= Nicole Joseph-Chin =

Trinidadian businesswoman

Nicole Joseph-Chin is the chief innovator, founder and CEO of Ms. Brafit™; a social enterprise in Trinidad who focused on healthy breasts as a catalyst for social impact.

She is a Vital Voices #VV100 Women and 2015 Vital Voices VV Lead Fellow. She participated in several VV leadership and mentoring programs between 2015 and 2021.

== Career ==
Joseph-Chin worked in the banking and financial services industry before creating Ms. Brafit™ in 2002.

She is a 2011 alumna of the US State Department IVLP. She has conducted seminars and workshops globally and has been hosted for speaking engagements about breast health, accurate fitting of bras, mastectomy care, social entrepreneurship, economic empowerment, and innovative thinking.

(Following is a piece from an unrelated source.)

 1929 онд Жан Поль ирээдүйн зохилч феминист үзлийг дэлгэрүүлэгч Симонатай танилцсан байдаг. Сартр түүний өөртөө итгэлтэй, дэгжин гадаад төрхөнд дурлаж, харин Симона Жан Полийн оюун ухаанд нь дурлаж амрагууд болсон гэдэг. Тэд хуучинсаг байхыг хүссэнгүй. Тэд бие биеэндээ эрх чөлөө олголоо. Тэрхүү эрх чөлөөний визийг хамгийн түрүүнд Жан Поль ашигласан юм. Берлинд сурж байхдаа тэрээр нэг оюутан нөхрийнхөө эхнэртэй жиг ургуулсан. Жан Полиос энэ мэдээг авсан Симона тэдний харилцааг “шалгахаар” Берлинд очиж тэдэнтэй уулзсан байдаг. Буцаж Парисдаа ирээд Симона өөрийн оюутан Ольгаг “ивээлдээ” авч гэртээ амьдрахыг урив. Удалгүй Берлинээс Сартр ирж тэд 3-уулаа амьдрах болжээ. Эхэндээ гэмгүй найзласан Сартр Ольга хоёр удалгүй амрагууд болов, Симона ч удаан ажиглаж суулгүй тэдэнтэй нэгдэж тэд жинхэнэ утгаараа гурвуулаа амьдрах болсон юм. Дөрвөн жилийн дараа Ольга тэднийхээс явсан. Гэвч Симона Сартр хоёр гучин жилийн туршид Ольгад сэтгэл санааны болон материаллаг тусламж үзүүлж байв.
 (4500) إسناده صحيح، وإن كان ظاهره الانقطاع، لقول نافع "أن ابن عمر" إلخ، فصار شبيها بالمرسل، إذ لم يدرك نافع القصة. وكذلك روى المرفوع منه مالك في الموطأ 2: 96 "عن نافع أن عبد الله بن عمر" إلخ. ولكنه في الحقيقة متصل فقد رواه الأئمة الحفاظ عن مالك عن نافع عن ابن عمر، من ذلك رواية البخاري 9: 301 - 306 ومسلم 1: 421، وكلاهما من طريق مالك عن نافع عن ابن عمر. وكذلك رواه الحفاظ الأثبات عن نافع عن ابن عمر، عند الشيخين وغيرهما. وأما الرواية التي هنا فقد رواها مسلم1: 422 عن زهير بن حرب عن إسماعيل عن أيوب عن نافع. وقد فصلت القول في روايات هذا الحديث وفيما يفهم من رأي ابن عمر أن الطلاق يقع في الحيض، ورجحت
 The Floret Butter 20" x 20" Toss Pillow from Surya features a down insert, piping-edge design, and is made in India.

She was one of the Inaugural Founders elected TT Executive Director of the Women's Entrepreneurial Network of the Caribbean (an initiative of the US State Department) in 2013 and served as a regional board member until 2016.

In 2014, she pioneered the MOOC Camp series at the US Embassy in Port of Spain and in the same year, provided facilitation for a workshop on Innovative Thinking for the CARIRI Business Bootcamp series.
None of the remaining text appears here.